とやるという、水戸黄門と同様の「いつものシーン」を展開していた。

 

海水注入が途中で中断していたことが事実であり、もしその海水注入中断によって被害が広がったとすれば、明確な「人災」の範囲が広がるわけで、そのことで政府や東電が原発の被害者へ支払う補償金の手厚さも変わってくる。そういう意味で、国会が今やっている議論は、これまたこのブログで繰り返しているように、ほんの少しの想像力さえあれば「被災地の事情と大きく関係すること」であると気づけるレベルのもののはずである。にもかかわらず、少なくともテレビ朝日の報道ステーションのスタッフと古舘伊知郎と横にいる女子アナ、コメンテーターの朝日新聞論説委員の五十嵐浩司(こうじ)は、この程度の想像力すらないらしい。TVタックルの最後にこの番宣を見て「あれ?このデモやってる人って、ETV特集で見た人と同じ人々では?」と思ってしまったせいで報道ステーションまで見ることとなったが、相変わらずこの番組は、「政府や国会(議員)が悪い」という結論に持って行けさえすれば何でもアリの、実に下劣な番組だと言わざるを得ない。

 

で、また話が横道にずれてしまったが、今日書きたかったのは、菅総理がすでに精神錯乱状態に陥っているのではないかという、表題についてのことだ。

週刊新潮4/21号で佐々淳之が、震災復興会議の人数が多すぎることを批判していた。曰く、「こんなに人数が多いと、決まることも決まらない。私がやっていたときは(以下略)」と、「かかわる人数の多さ」をキーファクターとして菅総理を批判していた。

これは、3月末の、大震災の後初めての朝生での猪瀬直樹の発言とも合致する。例の、東京都消防局の特殊レスキュー隊が注水するために現場に行こうとしたときに、

「菅内閣には、危機管理部門だけで6つもあって、話が全然通らなかった。だからこれだけ日数がかかったんだ」

と言っていたことを私は覚えている。危機管理部門だけで6つあるってどういうことだよ。何の危機も管理できない内閣だと言っているのと同じだ(笑)。

 

今、実際に動いているはずの「震災復興構想会議」とやらも、増税を否定しないという点だけはリピートしながらも、それ以外の点では当初から予想されていたように「会議は踊る、されど会議は進まず」そのものの様相を呈している。
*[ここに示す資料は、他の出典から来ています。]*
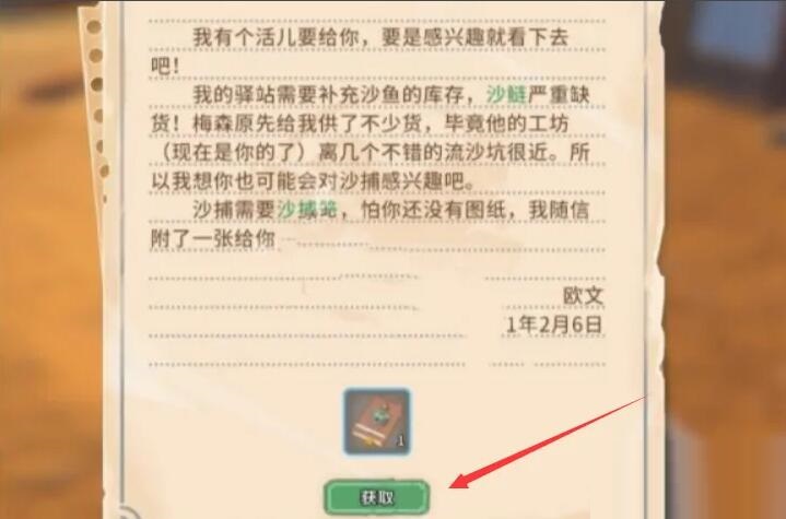 第一步,支线初试沙捕是欧文发来信件拜托帮他捕获沙鲢,随信件会附赠一份沙捕笼的设计图。
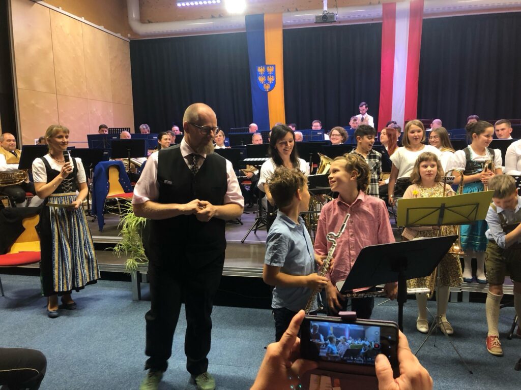 Tosenden Applaus erntete unsere Bläserklasse beim Frühlingskonzert der Musikkapelle Neumarkt. Der Festsaal war voll und die Stimmung grandios. Die jungen MusikerInnen begeisterten mit ihrem Können das Publikum so sehr, dass es laute Zugaberufe regnete.
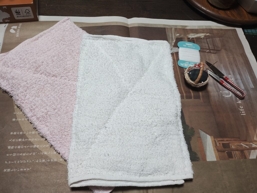 今日は、古タオルで雑巾づくり、紅白雑巾を作りしました。
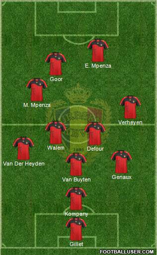 Courtois · Vertonghen · Kompany · Vermaelen · Vanden Borre · Fellaini · Witsel · Defour · Mertens · Hazard · Lukaku
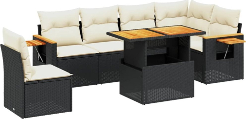 vidaXL 7-cz. zestaw wypoczynkowy do ogrodu, z poduszkami, czarny

今日の国会でも、菅総理は「私は言っていない」という主旨の発言をひたすらリピートするだけである。要するに「私に責任はない」と言いたいだけなわけだ。

 

かつて2009年秋に民主党が政権を取ったときに、現官房副長官の福山哲郎が、宮台真司と

『民主主義が一度もなかった国・日本』

という本(幻冬舎新書)を書いている。そこでは、ありったけのドヤ顔口調で、民主党政権がいかに地位にとらわれずに、誰もが誰ともケータイなどを使って自由にコミュニケーションができるかを自慢している。その福山哲郎も、今や、野党側に少しのアラも探されないように、能面のような顔で仕事をしているだけである。官房副長官に、その民主党政権の自由さとやらで、さぞかしたくさんの「要望」や「情報」が行っているのだろうが、彼の口からは全くそのような言葉は出てこない。出てくるのは、例えば

「外交上の出来事ですから機密事項です!(キリッ!!」

くらいなものである(くわしくはこのブログのここを参照)。自民党政権も真っ青の情報統制内閣副官房長官(笑)である。

 

内閣や国会がこんな中でも、昨日の日曜日だけは、中国の首相と韓国大統領を日本に招き、「日中韓サミット」なるものを開き、新聞写真でも、菅総理は一応「満面の笑み」で3人で握手している。その「サミット」とやらの「実(じつ)」は、ほとんどなかったことを菅総理はどう捉えているのか。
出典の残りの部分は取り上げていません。